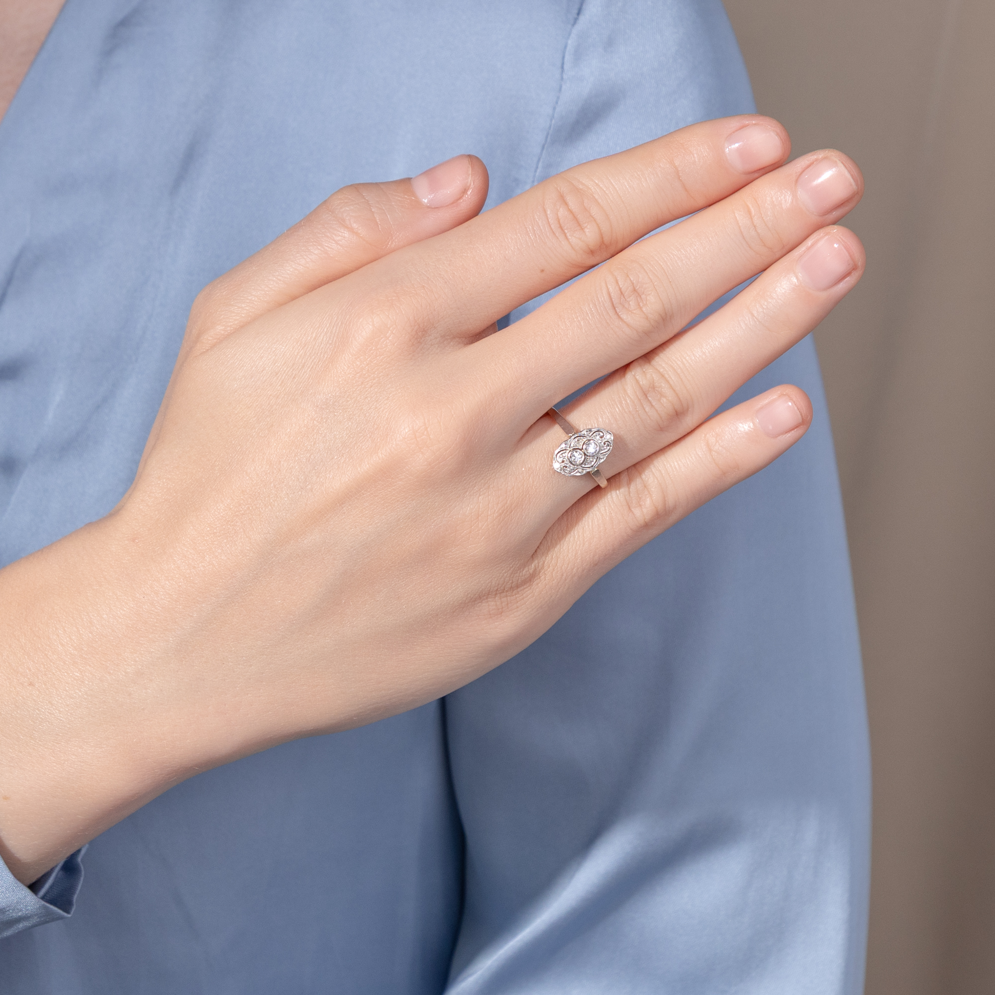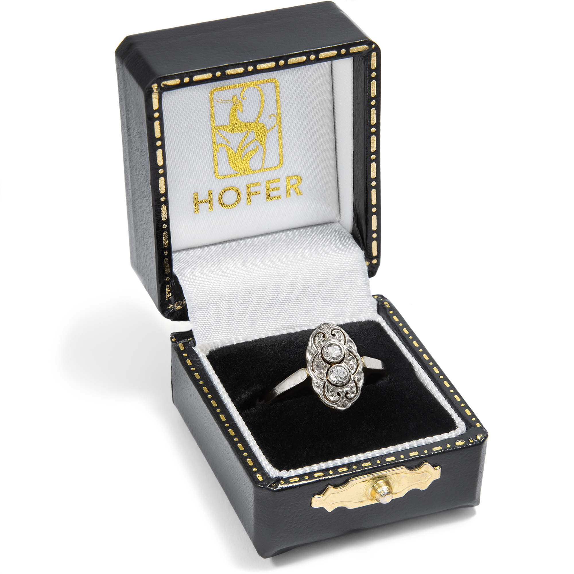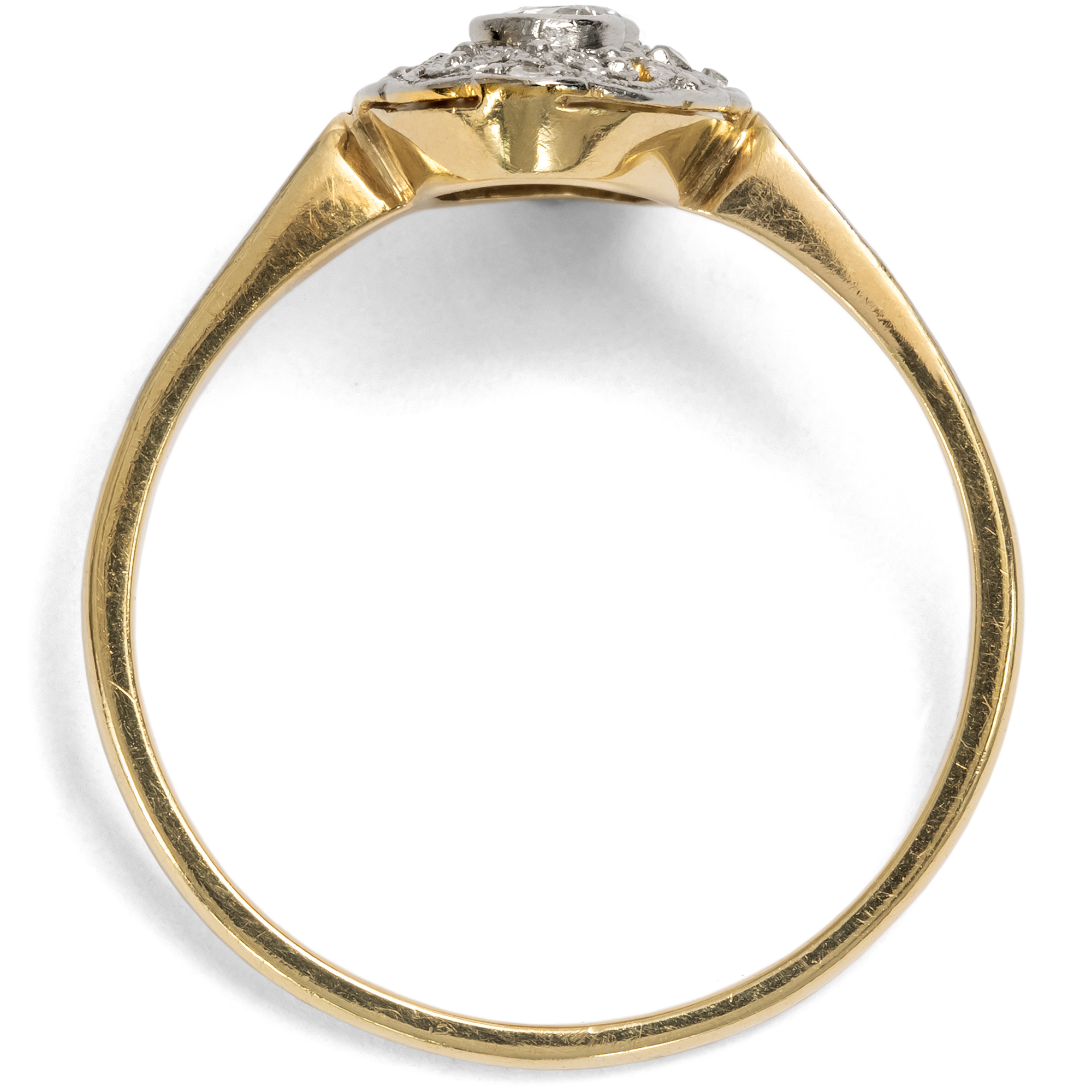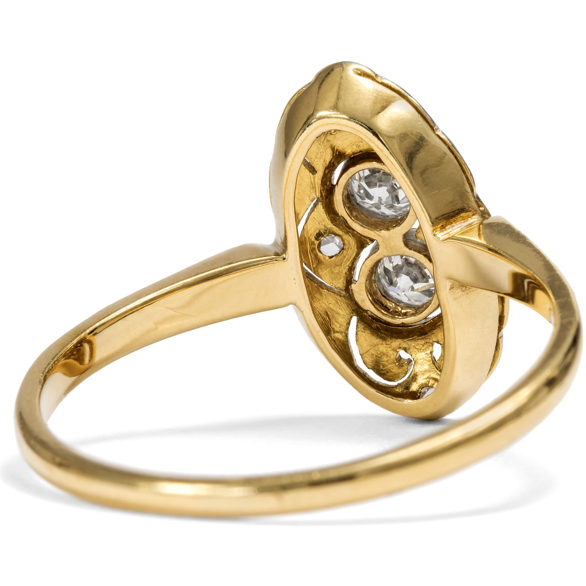 The jewellery fashions of the first decades after 1900 in continental Europe knew only one color: white. The shapes became ever lighter, more delicate, even ethereal. In particular, the increasingly widespread use of platinum made it possible to create ever more delicate structures, with elegant sawn ornaments, sparkling milgrains and always set with diamonds. This ring is a beautiful example of this fashion. At its center, it features two transitional-cut diamonds and four sparkling diamond roses. The entire front is made of platinum, which adds its own cool elegance to the white light of the diamonds. Floral shadow gaps and fine bars structure the front in an elegant symmetry that reveals the formal language of Art Deco. The delicate ring band is made of yellow gold, typical of the period. This gives the ring a certain warmth. The ring came to us from Bremen.
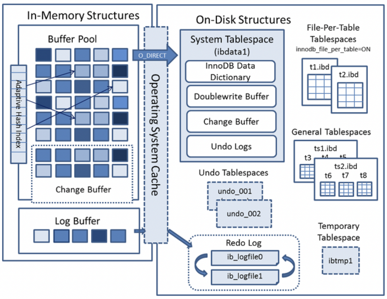 - Inno DB는 In-memory 구조로, 데이터와 인덱스를 메모리에 캐싱하기 위한 버퍼 풀이라는 저장 영역을 유지 및 관리
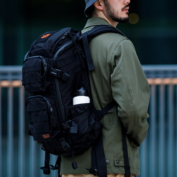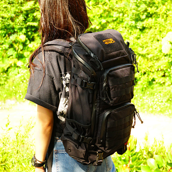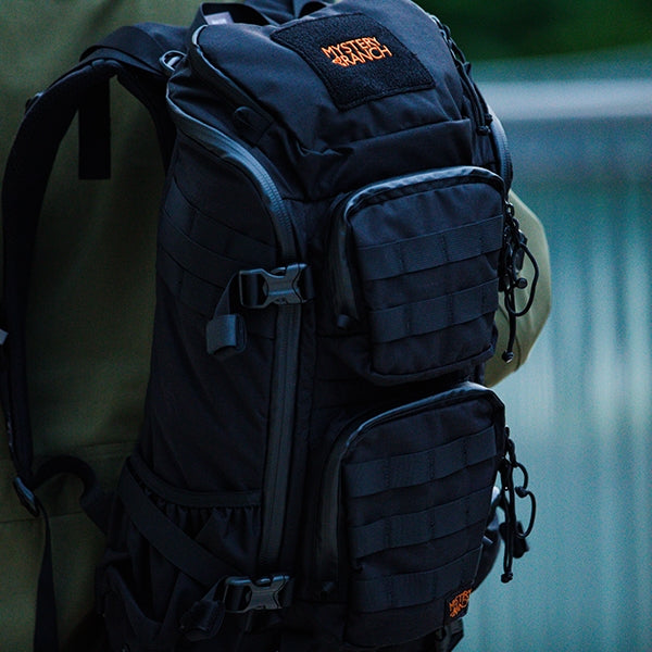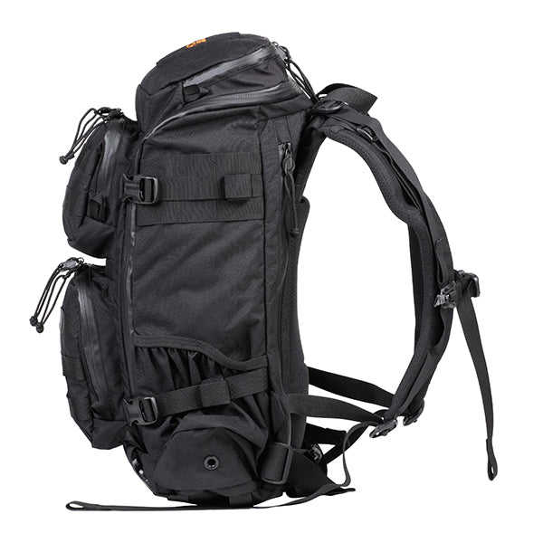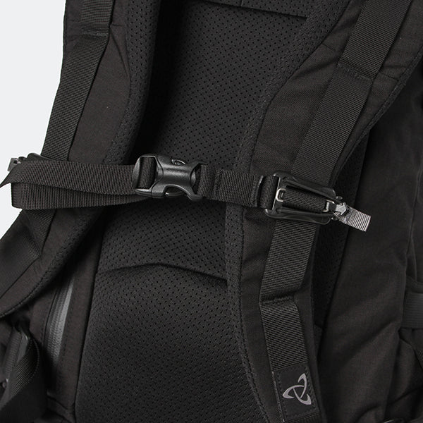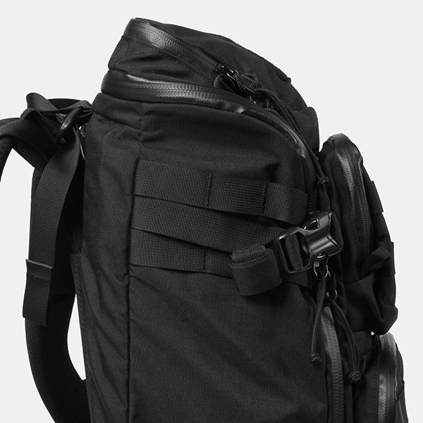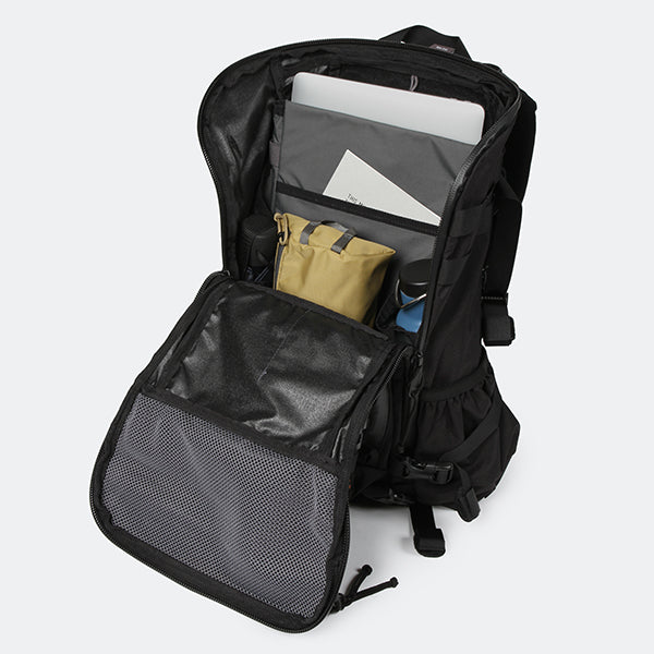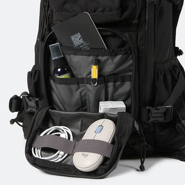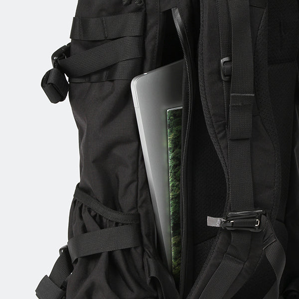 ラップトップPCスリーブはハイドレーションポケットともなり、トップとサイドからのアクセスが可能。ボディパネルのサイドジッパーから、スリーブにダイレクトにアクセスすれば、スムースにPCを取り出すことができます。荷物の詰まったバックパックからさっとPCを取り出して、少しだけワークしたい時には驚くほどに快適なサイドアクセスです。両サイドのボトルポケットにはボトム部分にグロメットで穴が開いているため、ボトルや折り畳み傘など濡れたものを入れた際にも水の抜ける仕様です。サイドコンプレッションはパックの内容量によりタイトにしたり緩めたりすることでパック全体をコンプレッションし、安定して運搬できます。両サイドと正面に配置したMOLLシステムにお好みのアクセサリー(別売)をつけてカスタムすれば、容量を増やしたり、特別な必需品をわかりやすく収納できます。外側の縦型にデザインされた3つのポケットは、1番上にはメッシュの裏地の少しフラットなポケット、真ん中は2つのディバイダーとキークリップ、一番下は複数のディバイダーとゴムバンドで縦長のものを挟むことができます。

§ What you should do
Please retype the material above exactly, and omit its images.

§ Answer section
 The jewellery fashions of the first decades after 1900 in continental Europe knew only one color: white. The shapes became ever lighter, more delicate, even ethereal. In particular, the increasingly widespread use of platinum made it possible to create ever more delicate structures, with elegant sawn ornaments, sparkling milgrains and always set with diamonds. This ring is a beautiful example of this fashion. At its center, it features two transitional-cut diamonds and four sparkling diamond roses. The entire front is made of platinum, which adds its own cool elegance to the white light of the diamonds. Floral shadow gaps and fine bars structure the front in an elegant symmetry that reveals the formal language of Art Deco. The delicate ring band is made of yellow gold, typical of the period. This gives the ring a certain warmth. The ring came to us from Bremen.
 - Inno DB는 In-memory 구조로, 데이터와 인덱스를 메모리에 캐싱하기 위한 버퍼 풀이라는 저장 영역을 유지 및 관리
 ラップトップPCスリーブはハイドレーションポケットともなり、トップとサイドからのアクセスが可能。ボディパネルのサイドジッパーから、スリーブにダイレクトにアクセスすれば、スムースにPCを取り出すことができます。荷物の詰まったバックパックからさっとPCを取り出して、少しだけワークしたい時には驚くほどに快適なサイドアクセスです。両サイドのボトルポケットにはボトム部分にグロメットで穴が開いているため、ボトルや折り畳み傘など濡れたものを入れた際にも水の抜ける仕様です。サイドコンプレッションはパックの内容量によりタイトにしたり緩めたりすることでパック全体をコンプレッションし、安定して運搬できます。両サイドと正面に配置したMOLLシステムにお好みのアクセサリー(別売)をつけてカスタムすれば、容量を増やしたり、特別な必需品をわかりやすく収納できます。外側の縦型にデザインされた3つのポケットは、1番上にはメッシュの裏地の少しフラットなポケット、真ん中は2つのディバイダーとキークリップ、一番下は複数のディバイダーとゴムバンドで縦長のものを挟むことができます。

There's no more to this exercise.